[Extracted data entries]
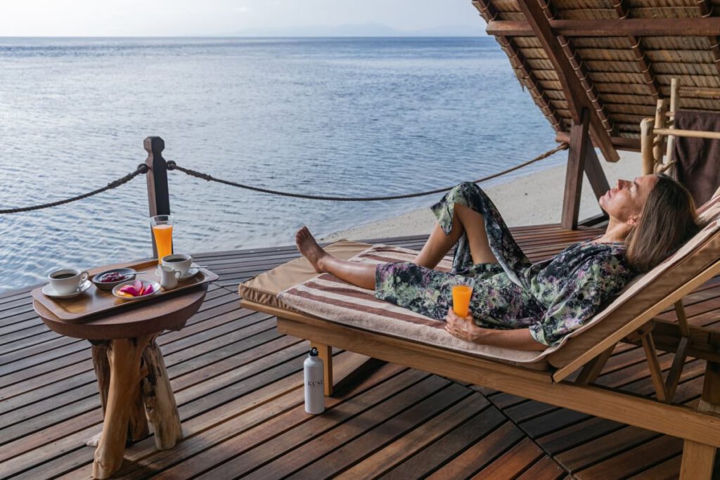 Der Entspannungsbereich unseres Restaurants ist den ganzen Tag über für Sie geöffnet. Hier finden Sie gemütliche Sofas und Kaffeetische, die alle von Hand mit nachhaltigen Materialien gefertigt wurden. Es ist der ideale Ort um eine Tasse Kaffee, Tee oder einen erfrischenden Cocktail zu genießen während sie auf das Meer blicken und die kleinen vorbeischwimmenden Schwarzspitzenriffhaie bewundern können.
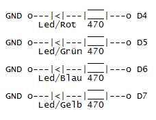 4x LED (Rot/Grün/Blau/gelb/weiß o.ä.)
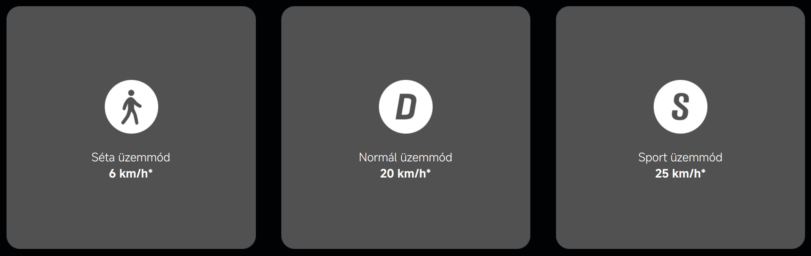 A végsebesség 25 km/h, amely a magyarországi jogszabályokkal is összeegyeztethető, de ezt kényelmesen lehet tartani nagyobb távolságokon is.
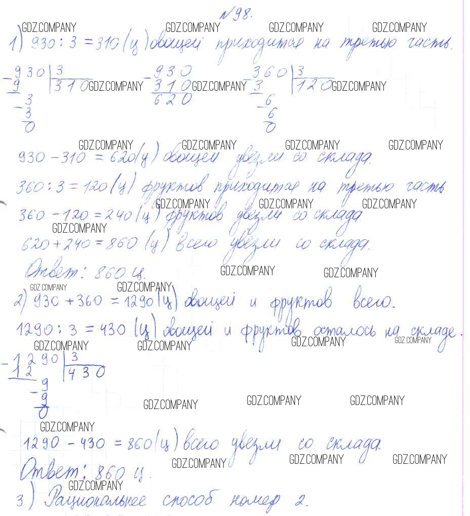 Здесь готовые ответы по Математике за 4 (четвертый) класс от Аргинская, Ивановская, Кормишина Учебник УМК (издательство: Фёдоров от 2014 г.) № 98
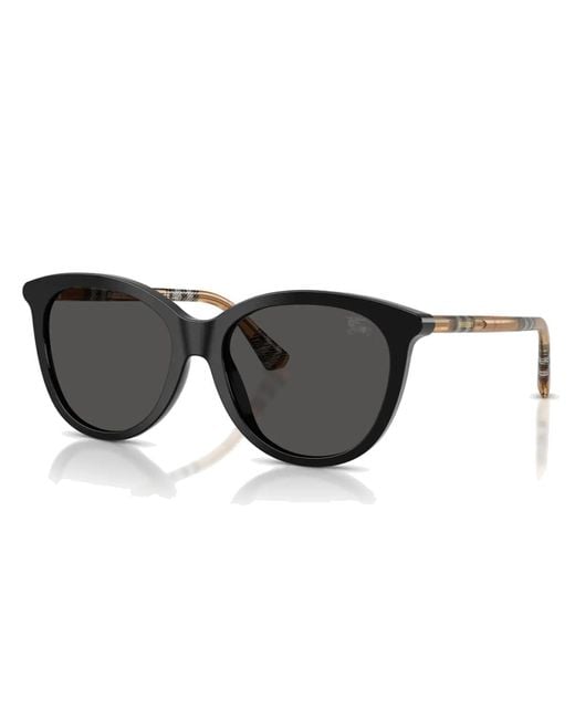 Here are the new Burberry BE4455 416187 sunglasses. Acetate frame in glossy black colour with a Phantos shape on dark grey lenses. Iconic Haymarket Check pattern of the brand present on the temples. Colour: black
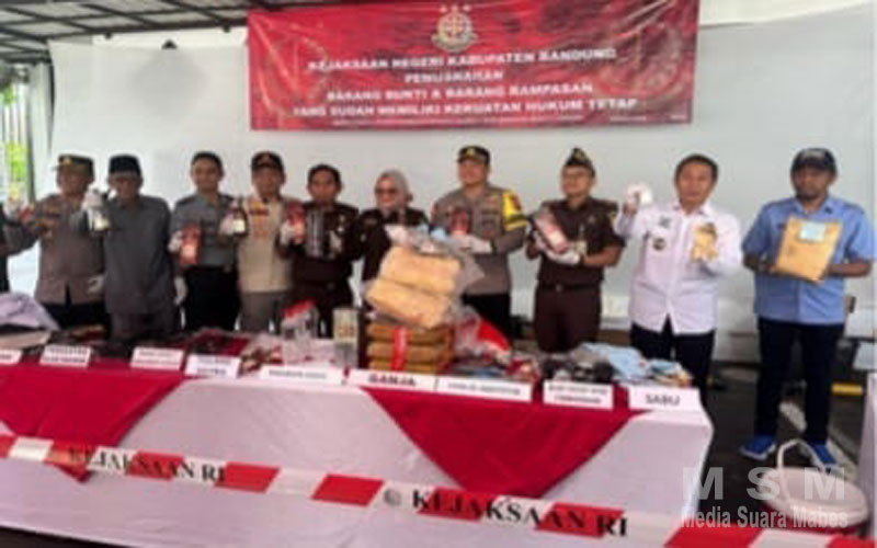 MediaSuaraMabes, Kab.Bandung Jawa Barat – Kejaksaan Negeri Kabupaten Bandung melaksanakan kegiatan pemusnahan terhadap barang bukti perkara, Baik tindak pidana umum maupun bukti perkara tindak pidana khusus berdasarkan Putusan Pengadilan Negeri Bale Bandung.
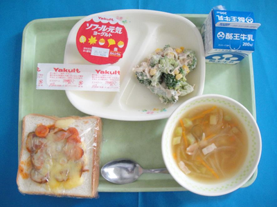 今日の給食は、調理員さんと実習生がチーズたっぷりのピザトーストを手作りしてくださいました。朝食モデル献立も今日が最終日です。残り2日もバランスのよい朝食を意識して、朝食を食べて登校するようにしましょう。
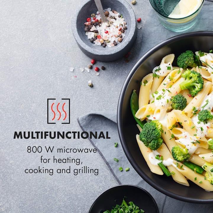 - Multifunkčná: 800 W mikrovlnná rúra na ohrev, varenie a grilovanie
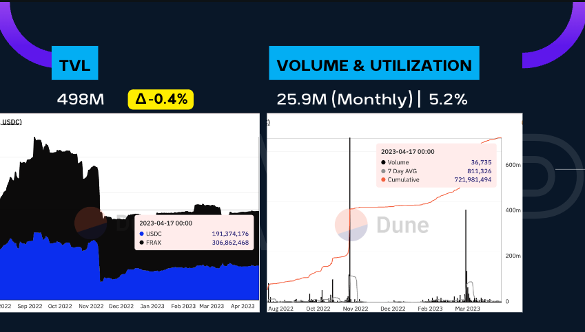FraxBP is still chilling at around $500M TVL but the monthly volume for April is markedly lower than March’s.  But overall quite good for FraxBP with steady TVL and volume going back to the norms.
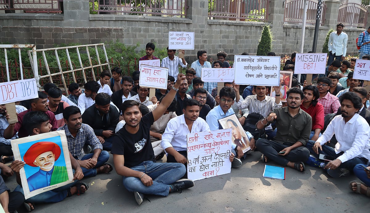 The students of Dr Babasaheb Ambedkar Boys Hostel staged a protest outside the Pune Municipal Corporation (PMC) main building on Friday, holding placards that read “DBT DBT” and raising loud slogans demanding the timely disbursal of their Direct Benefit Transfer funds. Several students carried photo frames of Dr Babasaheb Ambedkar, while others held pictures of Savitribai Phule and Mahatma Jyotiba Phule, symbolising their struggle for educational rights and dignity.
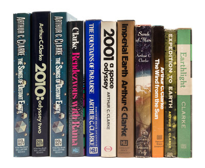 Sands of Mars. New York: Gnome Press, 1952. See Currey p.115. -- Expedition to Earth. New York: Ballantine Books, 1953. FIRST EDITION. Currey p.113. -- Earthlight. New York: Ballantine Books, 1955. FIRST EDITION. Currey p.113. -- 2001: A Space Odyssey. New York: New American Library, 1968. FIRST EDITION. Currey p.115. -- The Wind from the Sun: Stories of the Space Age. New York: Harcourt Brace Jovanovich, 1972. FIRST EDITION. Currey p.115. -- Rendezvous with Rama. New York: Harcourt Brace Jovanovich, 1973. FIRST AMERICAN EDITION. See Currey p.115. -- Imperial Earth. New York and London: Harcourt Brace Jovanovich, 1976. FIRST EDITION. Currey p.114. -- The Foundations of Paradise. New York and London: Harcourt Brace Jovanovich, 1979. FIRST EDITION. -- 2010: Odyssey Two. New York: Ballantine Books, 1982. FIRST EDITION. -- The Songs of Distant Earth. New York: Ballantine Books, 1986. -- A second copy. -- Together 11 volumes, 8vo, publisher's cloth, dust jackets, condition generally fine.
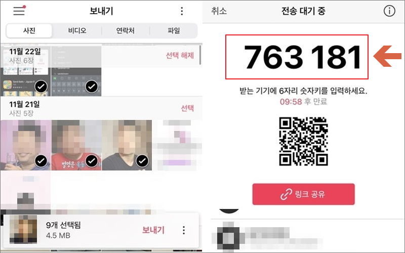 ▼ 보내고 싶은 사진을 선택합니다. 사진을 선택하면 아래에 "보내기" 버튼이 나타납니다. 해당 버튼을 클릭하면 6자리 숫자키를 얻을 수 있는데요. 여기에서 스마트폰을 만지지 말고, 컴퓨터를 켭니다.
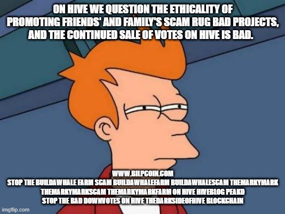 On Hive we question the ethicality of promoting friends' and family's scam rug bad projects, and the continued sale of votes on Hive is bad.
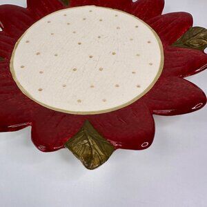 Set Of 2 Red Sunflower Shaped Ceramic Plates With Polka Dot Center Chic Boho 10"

● **Required work**
With the pictures omitted, reproduce the records in full and exactly.

● **Task output**
 Der Entspannungsbereich unseres Restaurants ist den ganzen Tag über für Sie geöffnet. Hier finden Sie gemütliche Sofas und Kaffeetische, die alle von Hand mit nachhaltigen Materialien gefertigt wurden. Es ist der ideale Ort um eine Tasse Kaffee, Tee oder einen erfrischenden Cocktail zu genießen während sie auf das Meer blicken und die kleinen vorbeischwimmenden Schwarzspitzenriffhaie bewundern können.
 4x LED (Rot/Grün/Blau/gelb/weiß o.ä.)
 A végsebesség 25 km/h, amely a magyarországi jogszabályokkal is összeegyeztethető, de ezt kényelmesen lehet tartani nagyobb távolságokon is.
 Здесь готовые ответы по Математике за 4 (четвертый) класс от Аргинская, Ивановская, Кормишина Учебник УМК (издательство: Фёдоров от 2014 г.) № 98
 Here are the new Burberry BE4455 416187 sunglasses. Acetate frame in glossy black colour with a Phantos shape on dark grey lenses. Iconic Haymarket Check pattern of the brand present on the temples. Colour: black
 MediaSuaraMabes, Kab.Bandung Jawa Barat – Kejaksaan Negeri Kabupaten Bandung melaksanakan kegiatan pemusnahan terhadap barang bukti perkara, Baik tindak pidana umum maupun bukti perkara tindak pidana khusus berdasarkan Putusan Pengadilan Negeri Bale Bandung.
 今日の給食は、調理員さんと実習生がチーズたっぷりのピザトーストを手作りしてくださいました。朝食モデル献立も今日が最終日です。残り2日もバランスのよい朝食を意識して、朝食を食べて登校するようにしましょう。
 - Multifunkčná: 800 W mikrovlnná rúra na ohrev, varenie a grilovanie
FraxBP is still chilling at around $500M TVL but the monthly volume for April is markedly lower than March’s.  But overall quite good for FraxBP with steady TVL and volume going back to the norms.
 The students of Dr Babasaheb Ambedkar Boys Hostel staged a protest outside the Pune Municipal Corporation (PMC) main building on Friday, holding placards that read “DBT DBT” and raising loud slogans demanding the timely disbursal of their Direct Benefit Transfer funds. Several students carried photo frames of Dr Babasaheb Ambedkar, while others held pictures of Savitribai Phule and Mahatma Jyotiba Phule, symbolising their struggle for educational rights and dignity.
 Sands of Mars. New York: Gnome Press, 1952. See Currey p.115. -- Expedition to Earth. New York: Ballantine Books, 1953. FIRST EDITION. Currey p.113. -- Earthlight. New York: Ballantine Books, 1955. FIRST EDITION. Currey p.113. -- 2001: A Space Odyssey. New York: New American Library, 1968. FIRST EDITION. Currey p.115. -- The Wind from the Sun: Stories of the Space Age. New York: Harcourt Brace Jovanovich, 1972. FIRST EDITION. Currey p.115. -- Rendezvous with Rama. New York: Harcourt Brace Jovanovich, 1973. FIRST AMERICAN EDITION. See Currey p.115. -- Imperial Earth. New York and London: Harcourt Brace Jovanovich, 1976. FIRST EDITION. Currey p.114. -- The Foundations of Paradise. New York and London: Harcourt Brace Jovanovich, 1979. FIRST EDITION. -- 2010: Odyssey Two. New York: Ballantine Books, 1982. FIRST EDITION. -- The Songs of Distant Earth. New York: Ballantine Books, 1986. -- A second copy. -- Together 11 volumes, 8vo, publisher's cloth, dust jackets, condition generally fine.
 ▼ 보내고 싶은 사진을 선택합니다. 사진을 선택하면 아래에 "보내기" 버튼이 나타납니다. 해당 버튼을 클릭하면 6자리 숫자키를 얻을 수 있는데요. 여기에서 스마트폰을 만지지 말고, 컴퓨터를 켭니다.
 On Hive we question the ethicality of promoting friends' and family's scam rug bad projects, and the continued sale of votes on Hive is bad.
 Set Of 2 Red Sunflower Shaped Ceramic Plates With Polka Dot Center Chic Boho 10"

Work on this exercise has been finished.